- Opening Delimiter -
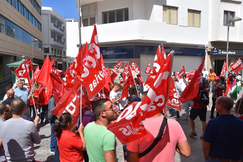 Un nutrido grupo de lanzaroteños participaba este miércoles 1 de mayo en las manifestaciones organizadas por los sindicatos, especialmente CCOO como se ve en las imágenes, con motivo de la celebración del día del Trabajo.
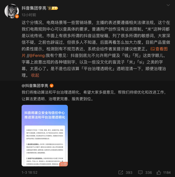 李亮发文后,有网友就「敏感词限流」提出反映:抖音的视频中经常将「钱」读成「米」。随后李亮回应,抖音普通用户使用敏感词不会被限流。李亮补充说明,为什么有些情况表达会有限制,其原因是不同内容要遵循不同的规范。
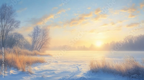 Oil painting depicting a winter morning with a foggy sky creating a serene and beautiful atmosphere
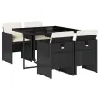 Ta vrtna jedilna garnitura je odlična izbira za večerjo na prostem ali za sprostitev na vrtu, dvorišču ali terasi. Vzdržljiv material: PE ratan, znan tudi kot poli ratan, je močan sintetični material, ki zahteva malo vzdrževanja in je videti kot naravni ratan. Je lahek, enostaven za čiščenje in se zaradi svoje vzdržljivosti in odpornosti na vremenske vplive pogosto uporablja za zunanje pohištvo.Kompaktno shranjevanje: Te stole je mogoče zložiti, zato jih je enostavno shraniti pod mizo. Ko so zloženi, se lepo prilegajo pod mizo in tvorijo prostorsko varčno kocko. Udobno sedenje: To zunanje pohištvo z debelo oblazinjenimi blazinami zagotavlja udobno sedenje.Prevleko je mogoče odstraniti in oprati: Te sedežne blazine imajo odstranljive prevleke za lažje pranje in vzdrževanje.Steklena mizna plošča: Površina zunanje mize je izdelana iz močnega in trpežnega kaljenega stekla, kar omogoča enostavno čiščenje z vlažno krpo in vašemu zunanjemu prostoru doda pridih elegance. Dobro je vedeti: Če želite, da vaše zunanje pohištvo ostane lepo, vam priporočamo, da ga zaščitite z vodoodporno prevleko.Maksimalna nosilnost (na sedež): 110 kg UV-odporno Potrebno sestavljanje: Da Miza: Barva: ČrnaMaterial: PE ratan, jeklo s prašnim premazom, kaljeno stekloDimenzije: 110 x 106 x 73 cm (D x Š x V) Stol: Barva: ČrnaMaterial: PE ratan, jeklen okvir s prašnim premazom Dimenzije: 50,5 x 54 x 79 cm (Š x G x V) Velikost sedišča: 45,5 x 38 cm (Š x G) Višina sedišča, merjena od tal: 43 cm Višina naslonjal za roke, merjena od tal: 63,5 cmBlazina: Barva: Kremno bela Material prevleke: Tkanina (100 % poliester) Material polnila: Pena Dimenzije blazine za stol: 76 x 46 x 2 cm (D x Š x D)Paket vsebuje:1 x Vrtna miza 4 x Vrtni stol4 x Blazina za stol z visokim naslonom s snemljivo in pralno prevleko 3277661
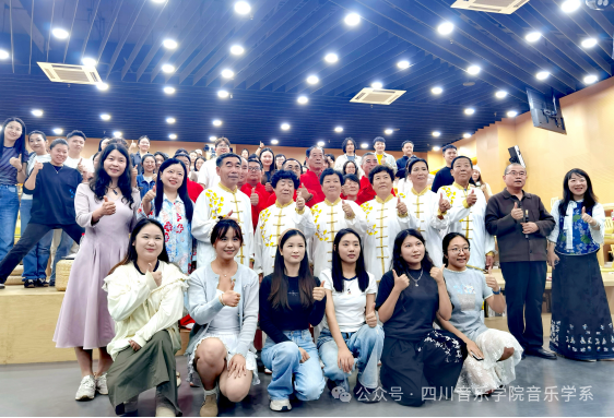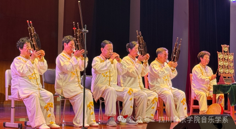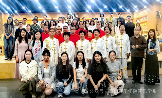 在《冀中笙管乐与雄县古乐的民间活力》部分,胡庆学介绍了流传于冀中地区近30个县市的“音乐会”文化,这种音乐形式以管子领奏、笙管和奏为特色,乐队包含笙、管、笛、云锣及打击乐器,曲目分为套曲、小曲和打击乐三类,与本地礼仪、丧葬等民俗活动紧密结合。胡庆学还特别提到雄县音乐会,雄县是冀中笙管乐的集中区域之一,雄县古乐相传起源于宋元,盛行于明清,繁盛时期,曾有20余家民间音乐会活跃。2008年雄县古乐被确定为国家级非物质文化遗产,代表乐社包括建于明永乐年间的开口村音乐会和建于清乾隆年间的赵岗村音乐会等。 讲座尾声,胡庆学带领团队现场演奏了冀中笙管乐雄县古乐,让师生们近距离感受古乐的魅力与韵味。最后,全体师生与胡庆学团队合影留念,记录下这一文化交流的珍贵时刻。
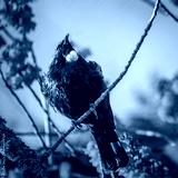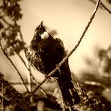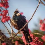 Tui bird perched on Cherry Blossom tree. Auckland. New Zealand.
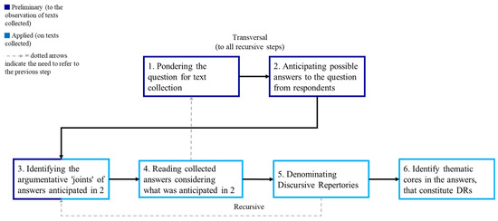 The excerpts were selected taking into consideration the purpose of the question that produced the answers and their corresponding DRs. For the processing phase, the dataset was organized based on the type of question.
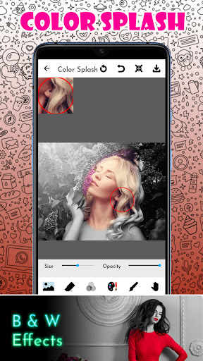 Must-ma Edytor zdjęć Photo z zaawansowanym pędzlem rozmycia. Służy do rozmycia części zdjęcia, aby uzyskać efekt rozmycia DSLR. Możesz także usunąć obraz z gumką i dostosować swoją wytrzymałość rozmycia.
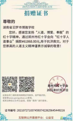 为了向河南灾区贡献自己的一份力,近日,汨罗市博雅学校发出爱心捐款倡议,学校领导、党员同志带头,师生和家长广泛参与,采取线上募捐的方式,筹集捐款达61868元。7月27日上午10点,汨罗市博雅学校已通过郑州市红十字会向"红十字人道事业"捐款61868元,用于抗洪救灾。( 姚望 孙俊)
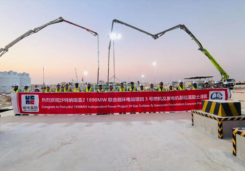 在举国欢庆中秋佳节之际,哈电国际沙特纳瑞亚2项目现场再传捷报。继10月2日顺利完成2号燃机及发电机基础混凝土浇筑后,经过数日奋战,10月7日又成功完成3号燃机及发电机基础混凝土浇筑工作,以实干献礼中秋佳节。
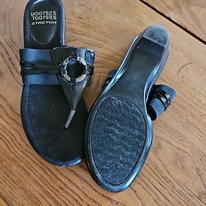 Mootsie Tootsie Black Sandals Women’s 7.5 | 1" Heel Slip-On Comfort Shoes
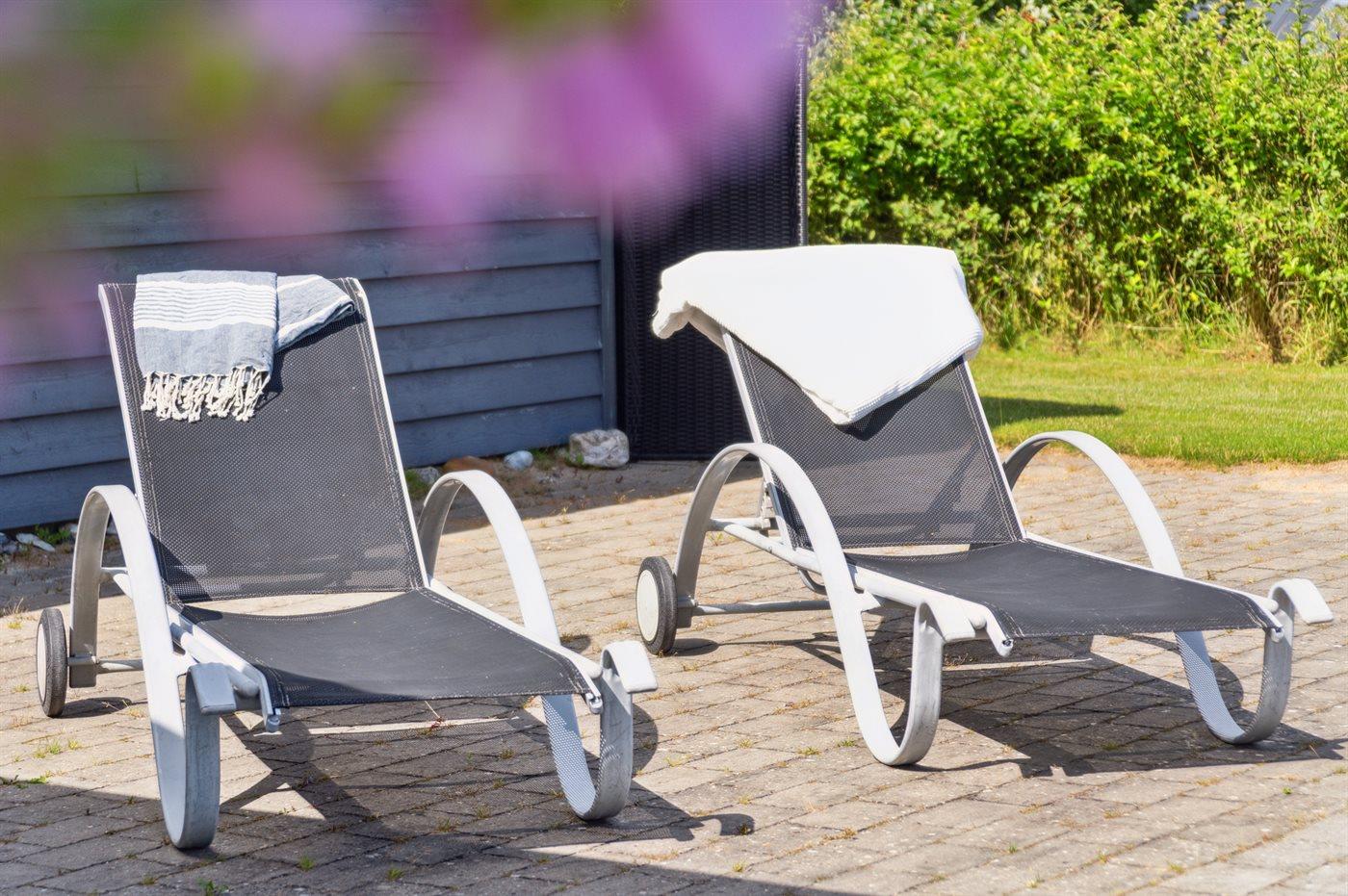 Ferieboligen er beliggende på en 1164 m² stor havegrund. Der er 800 m til havet. Nærmeste forretning er beliggende i en afstand af 2000 m. Der er en golfbane i en afstand af 12000 m. Til ferieboligen hører åbent terrasseareal. Desuden er der overdækket terrasse. Der er redskabsrum. Gynge. Sandkasse. Rutchebane. Fodboldmål. Der er en 10-hullers krolfbane i haven. Grill til rådighed. Udendørs vask. Parkering ved ferieboligen.
- Closing Delimiter -
_Exercise objective_:
The expected output is the full data above, reproduced exactly with no images.

_Task answer_:
 Un nutrido grupo de lanzaroteños participaba este miércoles 1 de mayo en las manifestaciones organizadas por los sindicatos, especialmente CCOO como se ve en las imágenes, con motivo de la celebración del día del Trabajo.
 李亮发文后,有网友就「敏感词限流」提出反映:抖音的视频中经常将「钱」读成「米」。随后李亮回应,抖音普通用户使用敏感词不会被限流。李亮补充说明,为什么有些情况表达会有限制,其原因是不同内容要遵循不同的规范。
 Oil painting depicting a winter morning with a foggy sky creating a serene and beautiful atmosphere
 Ta vrtna jedilna garnitura je odlična izbira za večerjo na prostem ali za sprostitev na vrtu, dvorišču ali terasi. Vzdržljiv material: PE ratan, znan tudi kot poli ratan, je močan sintetični material, ki zahteva malo vzdrževanja in je videti kot naravni ratan. Je lahek, enostaven za čiščenje in se zaradi svoje vzdržljivosti in odpornosti na vremenske vplive pogosto uporablja za zunanje pohištvo.Kompaktno shranjevanje: Te stole je mogoče zložiti, zato jih je enostavno shraniti pod mizo. Ko so zloženi, se lepo prilegajo pod mizo in tvorijo prostorsko varčno kocko. Udobno sedenje: To zunanje pohištvo z debelo oblazinjenimi blazinami zagotavlja udobno sedenje.Prevleko je mogoče odstraniti in oprati: Te sedežne blazine imajo odstranljive prevleke za lažje pranje in vzdrževanje.Steklena mizna plošča: Površina zunanje mize je izdelana iz močnega in trpežnega kaljenega stekla, kar omogoča enostavno čiščenje z vlažno krpo in vašemu zunanjemu prostoru doda pridih elegance. Dobro je vedeti: Če želite, da vaše zunanje pohištvo ostane lepo, vam priporočamo, da ga zaščitite z vodoodporno prevleko.Maksimalna nosilnost (na sedež): 110 kg UV-odporno Potrebno sestavljanje: Da Miza: Barva: ČrnaMaterial: PE ratan, jeklo s prašnim premazom, kaljeno stekloDimenzije: 110 x 106 x 73 cm (D x Š x V) Stol: Barva: ČrnaMaterial: PE ratan, jeklen okvir s prašnim premazom Dimenzije: 50,5 x 54 x 79 cm (Š x G x V) Velikost sedišča: 45,5 x 38 cm (Š x G) Višina sedišča, merjena od tal: 43 cm Višina naslonjal za roke, merjena od tal: 63,5 cmBlazina: Barva: Kremno bela Material prevleke: Tkanina (100 % poliester) Material polnila: Pena Dimenzije blazine za stol: 76 x 46 x 2 cm (D x Š x D)Paket vsebuje:1 x Vrtna miza 4 x Vrtni stol4 x Blazina za stol z visokim naslonom s snemljivo in pralno prevleko 3277661
 在《冀中笙管乐与雄县古乐的民间活力》部分,胡庆学介绍了流传于冀中地区近30个县市的“音乐会”文化,这种音乐形式以管子领奏、笙管和奏为特色,乐队包含笙、管、笛、云锣及打击乐器,曲目分为套曲、小曲和打击乐三类,与本地礼仪、丧葬等民俗活动紧密结合。胡庆学还特别提到雄县音乐会,雄县是冀中笙管乐的集中区域之一,雄县古乐相传起源于宋元,盛行于明清,繁盛时期,曾有20余家民间音乐会活跃。2008年雄县古乐被确定为国家级非物质文化遗产,代表乐社包括建于明永乐年间的开口村音乐会和建于清乾隆年间的赵岗村音乐会等。 讲座尾声,胡庆学带领团队现场演奏了冀中笙管乐雄县古乐,让师生们近距离感受古乐的魅力与韵味。最后,全体师生与胡庆学团队合影留念,记录下这一文化交流的珍贵时刻。
 Tui bird perched on Cherry Blossom tree. Auckland. New Zealand.
 The excerpts were selected taking into consideration the purpose of the question that produced the answers and their corresponding DRs. For the processing phase, the dataset was organized based on the type of question.
 Must-ma Edytor zdjęć Photo z zaawansowanym pędzlem rozmycia. Służy do rozmycia części zdjęcia, aby uzyskać efekt rozmycia DSLR. Możesz także usunąć obraz z gumką i dostosować swoją wytrzymałość rozmycia.
 为了向河南灾区贡献自己的一份力,近日,汨罗市博雅学校发出爱心捐款倡议,学校领导、党员同志带头,师生和家长广泛参与,采取线上募捐的方式,筹集捐款达61868元。7月27日上午10点,汨罗市博雅学校已通过郑州市红十字会向"红十字人道事业"捐款61868元,用于抗洪救灾。( 姚望 孙俊)
 在举国欢庆中秋佳节之际,哈电国际沙特纳瑞亚2项目现场再传捷报。继10月2日顺利完成2号燃机及发电机基础混凝土浇筑后,经过数日奋战,10月7日又成功完成3号燃机及发电机基础混凝土浇筑工作,以实干献礼中秋佳节。
 Mootsie Tootsie Black Sandals Women’s 7.5 | 1" Heel Slip-On Comfort Shoes
 Ferieboligen er beliggende på en 1164 m² stor havegrund. Der er 800 m til havet. Nærmeste forretning er beliggende i en afstand af 2000 m. Der er en golfbane i en afstand af 12000 m. Til ferieboligen hører åbent terrasseareal. Desuden er der overdækket terrasse. Der er redskabsrum. Gynge. Sandkasse. Rutchebane. Fodboldmål. Der er en 10-hullers krolfbane i haven. Grill til rådighed. Udendørs vask. Parkering ved ferieboligen.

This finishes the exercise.